### The task
Return the records exactly as they stand, and keep the pictures out of the copy.

*** Opening of Data for the task ***

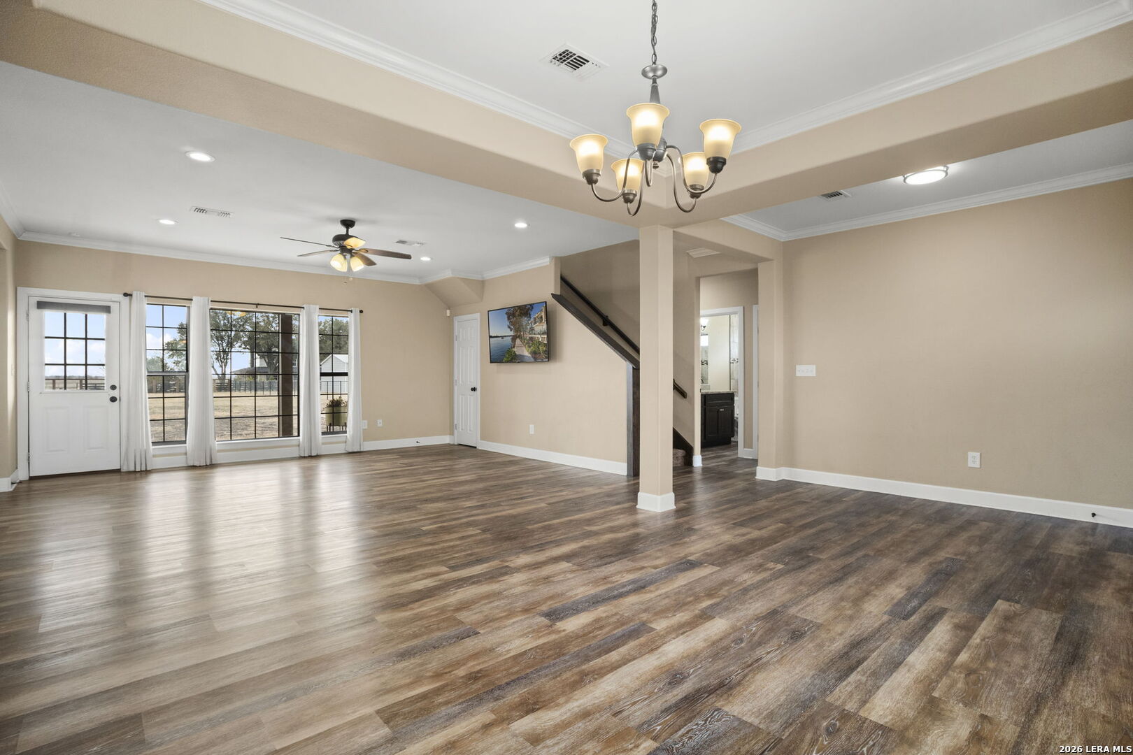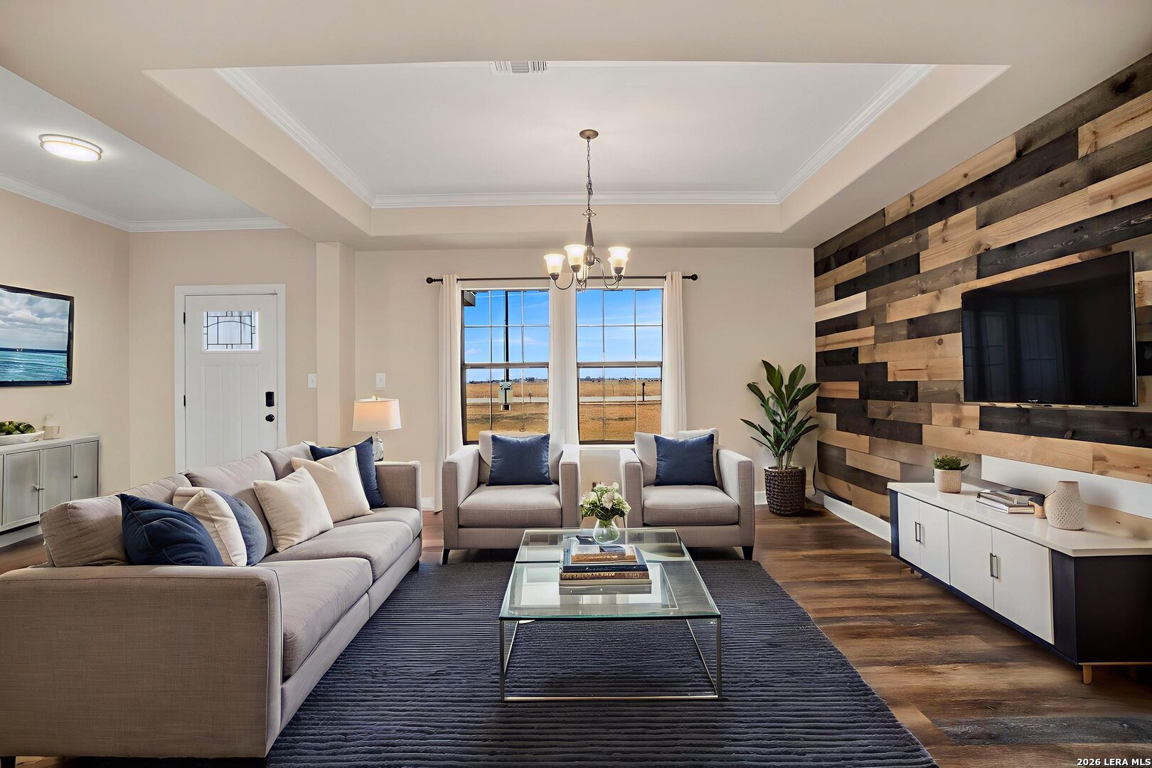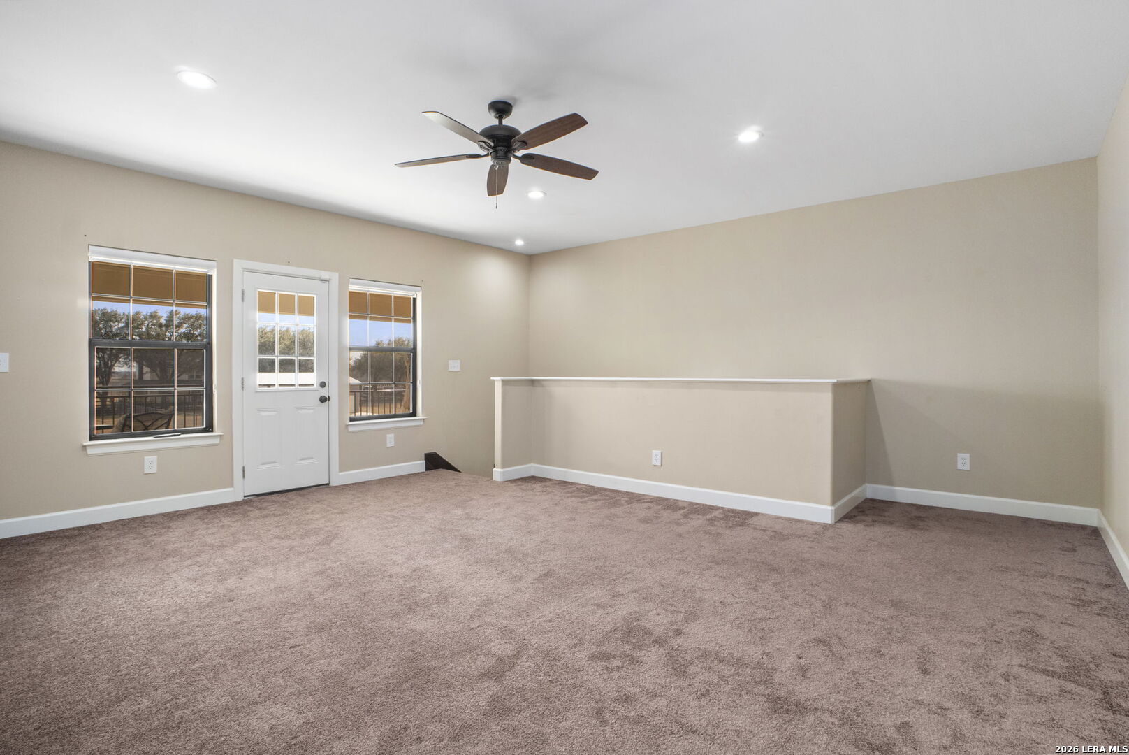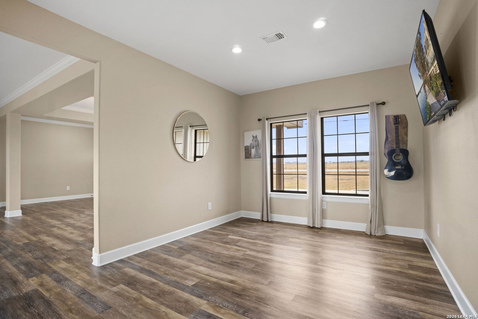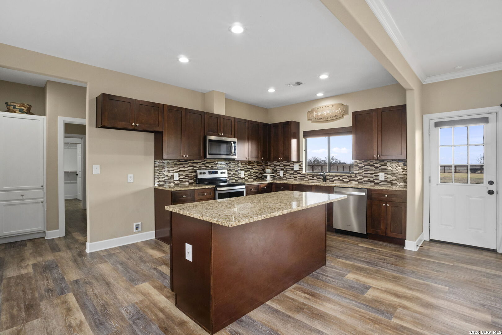 Country living at its finest! Situated on .79 acres backing to a peaceful greenbelt, this charming farmhouse-style home offers wide open spaces and room to breathe. Featuring 4 bedrooms and 2 bathrooms, the open-concept floorplan is perfect for everyday living and entertaining, with luxury vinyl flooring throughout the main level and a spacious living area that flows seamlessly into the kitchen complete with granite countertops and custom cabinetry. The main level offers 3 bedrooms, including a private primary suite with a walk-in shower and generous walk-in closets. Upstairs, the flexible space can serve as an additional bedroom, game room, or playroom and features an open balcony overlooking the beautiful countryside. Step outside to enjoy a fully fenced backyard with a fire pit and raised garden beds ready for planting - ideal for relaxing evenings or weekend gatherings. Conveniently located within the highly sought-after Navarro ISD, this property blends country charm with everyday comfort.
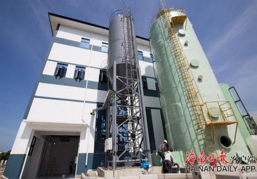 7月30日,在三亚市污泥处理处置项目扩建工程荔枝沟项目一期工地,施工人员正在进行收尾施工。
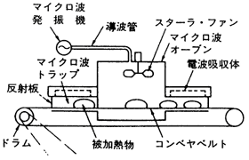 一方、図12.2.1 (b) のコンベヤ式オ-ブンは、被加熱物をベルトコンベヤにて搬送しながら加熱処理するものである。バッチ式オーブンを基本に、オーブンの両側に開口部を設け被加熱物搬送用コンベヤを設置する。オーブンの開口部よりはマイクロ波が漏洩するため、電波吸収体や金属ノレンなどを利用した漏洩マイクロ波エネルギーを吸収するマイクロ波トラップを設けて、作業エリアにおいて安全を確保するようになっている。
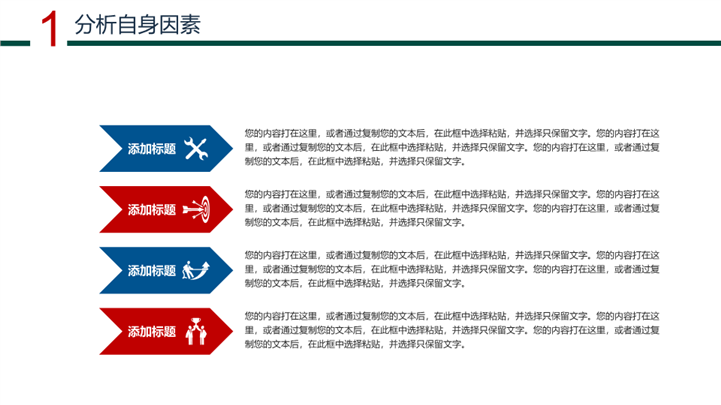 PPT简介: 简约红蓝撞色职业生涯规划书ppt模板,红蓝撞色为主色,整体界面简洁大方风格,主要包含分析自身因素、外在环境因素、职业生涯规划、如何执行计划等模块内容,适用于大学生规划、职业规划、职业生涯规划、职业生涯、职业规划培训、个人职业发展规划、职业成长指导、员工培训计划、绩效评估与反馈、职业转型指导、晋升路径规划、员工个人发展计划等相关主题设计应用。主体文字及图片可替换修改,文字修改均可直接点击文本框进行编辑,图片更改可选中图片后单击鼠标右键插入更换图片,也可根据自身需求增加和删除。本作品提供PPTX格式文件,转载请注明出处!
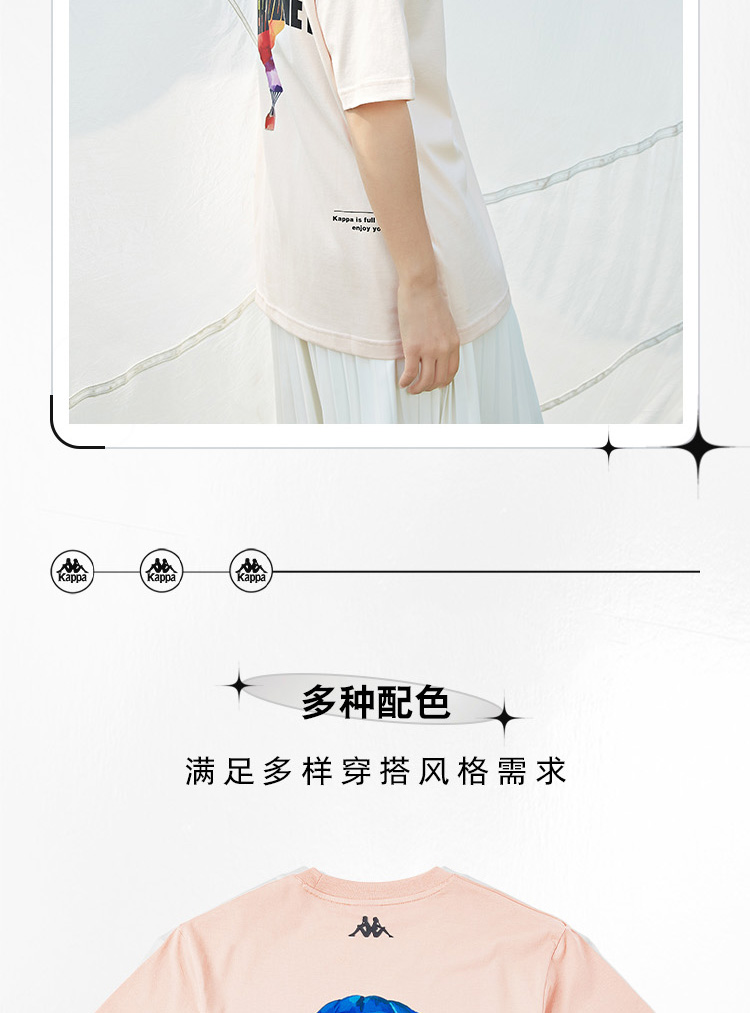 kappa卡帕现实悦镜主题短袖夏男女T恤运动休闲图案衫K0CX2TD26D

*** Close of Data for the task ***

### Answer box
 Country living at its finest! Situated on .79 acres backing to a peaceful greenbelt, this charming farmhouse-style home offers wide open spaces and room to breathe. Featuring 4 bedrooms and 2 bathrooms, the open-concept floorplan is perfect for everyday living and entertaining, with luxury vinyl flooring throughout the main level and a spacious living area that flows seamlessly into the kitchen complete with granite countertops and custom cabinetry. The main level offers 3 bedrooms, including a private primary suite with a walk-in shower and generous walk-in closets. Upstairs, the flexible space can serve as an additional bedroom, game room, or playroom and features an open balcony overlooking the beautiful countryside. Step outside to enjoy a fully fenced backyard with a fire pit and raised garden beds ready for planting - ideal for relaxing evenings or weekend gatherings. Conveniently located within the highly sought-after Navarro ISD, this property blends country charm with everyday comfort.
 7月30日,在三亚市污泥处理处置项目扩建工程荔枝沟项目一期工地,施工人员正在进行收尾施工。
 一方、図12.2.1 (b) のコンベヤ式オ-ブンは、被加熱物をベルトコンベヤにて搬送しながら加熱処理するものである。バッチ式オーブンを基本に、オーブンの両側に開口部を設け被加熱物搬送用コンベヤを設置する。オーブンの開口部よりはマイクロ波が漏洩するため、電波吸収体や金属ノレンなどを利用した漏洩マイクロ波エネルギーを吸収するマイクロ波トラップを設けて、作業エリアにおいて安全を確保するようになっている。
 PPT简介: 简约红蓝撞色职业生涯规划书ppt模板,红蓝撞色为主色,整体界面简洁大方风格,主要包含分析自身因素、外在环境因素、职业生涯规划、如何执行计划等模块内容,适用于大学生规划、职业规划、职业生涯规划、职业生涯、职业规划培训、个人职业发展规划、职业成长指导、员工培训计划、绩效评估与反馈、职业转型指导、晋升路径规划、员工个人发展计划等相关主题设计应用。主体文字及图片可替换修改,文字修改均可直接点击文本框进行编辑,图片更改可选中图片后单击鼠标右键插入更换图片,也可根据自身需求增加和删除。本作品提供PPTX格式文件,转载请注明出处!
 kappa卡帕现实悦镜主题短袖夏男女T恤运动休闲图案衫K0CX2TD26D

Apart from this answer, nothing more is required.